Required action — Copying rule for the data below: take the line containing "Development from the" and every line after it to the end, exactly, and drop all pictures.

Information shown —
# # # # # # #

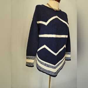 Beautiful wool Chevron striped southwestern wool blanket sweater. Crew neck and V hem.
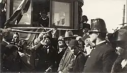 Development from the first decade of the twentieth century of the area between Sandringham and Black Rock prompted formation of a public association to lobby for extension of the Sandringham railway that gained Parliamentary support in 1910, though it was vetoed over the high cost of land resumptions. In both 1913 and 1914, proposals were put forward for an electric tramway from Sandringham to Black Rock but using an inland route to preserve the visual amenity of the coastal reserves.[40] In November 1914, an Act enabled this tramway to be owned and operated by Victorian Railways, on standard gauge to cater for any future connection to the main Melbourne system.[41] The line, almost entirely double track, was opened on 10 March 1919 with a small three-road depot at Sandringham railway station yard connecting with the down track in Bay Street. Six crossbench cars with six trailers operated on the tramway, with Elwood Depot maintaining track and rolling stock, joined in 1921 by four new bogie tramcars.[42]
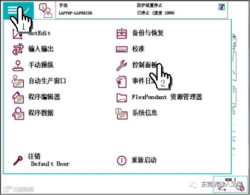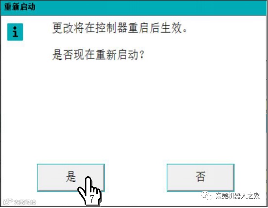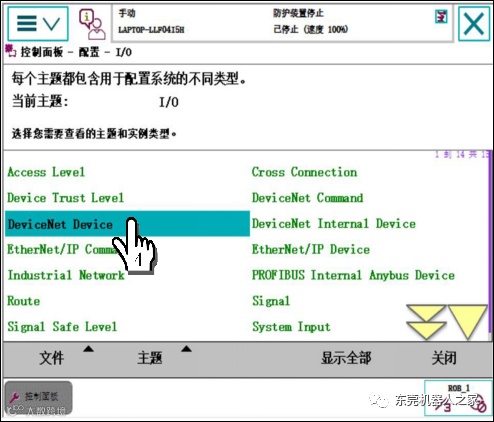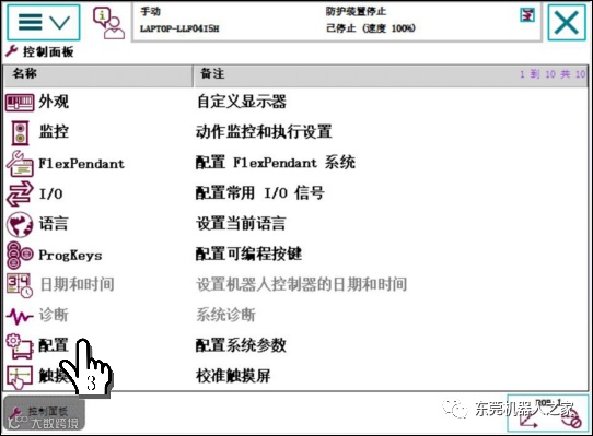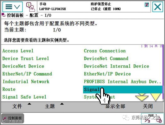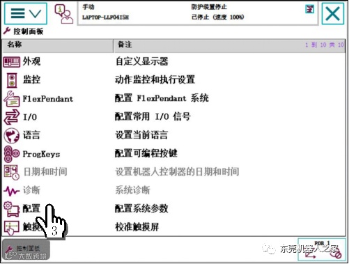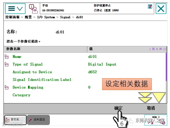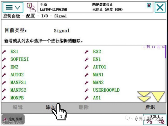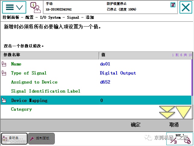 1单击ABB主菜单—2单击【控制面板】—3单击【配置】—4双击【Signal】—5单击【添加】,参考上表进行设置—6单击【确定】—7单击【是】。重启控制器生效。

# # # # # # #

Solution to this exercise —
 Development from the first decade of the twentieth century of the area between Sandringham and Black Rock prompted formation of a public association to lobby for extension of the Sandringham railway that gained Parliamentary support in 1910, though it was vetoed over the high cost of land resumptions. In both 1913 and 1914, proposals were put forward for an electric tramway from Sandringham to Black Rock but using an inland route to preserve the visual amenity of the coastal reserves.[40] In November 1914, an Act enabled this tramway to be owned and operated by Victorian Railways, on standard gauge to cater for any future connection to the main Melbourne system.[41] The line, almost entirely double track, was opened on 10 March 1919 with a small three-road depot at Sandringham railway station yard connecting with the down track in Bay Street. Six crossbench cars with six trailers operated on the tramway, with Elwood Depot maintaining track and rolling stock, joined in 1921 by four new bogie tramcars.[42]
 1单击ABB主菜单—2单击【控制面板】—3单击【配置】—4双击【Signal】—5单击【添加】,参考上表进行设置—6单击【确定】—7单击【是】。重启控制器生效。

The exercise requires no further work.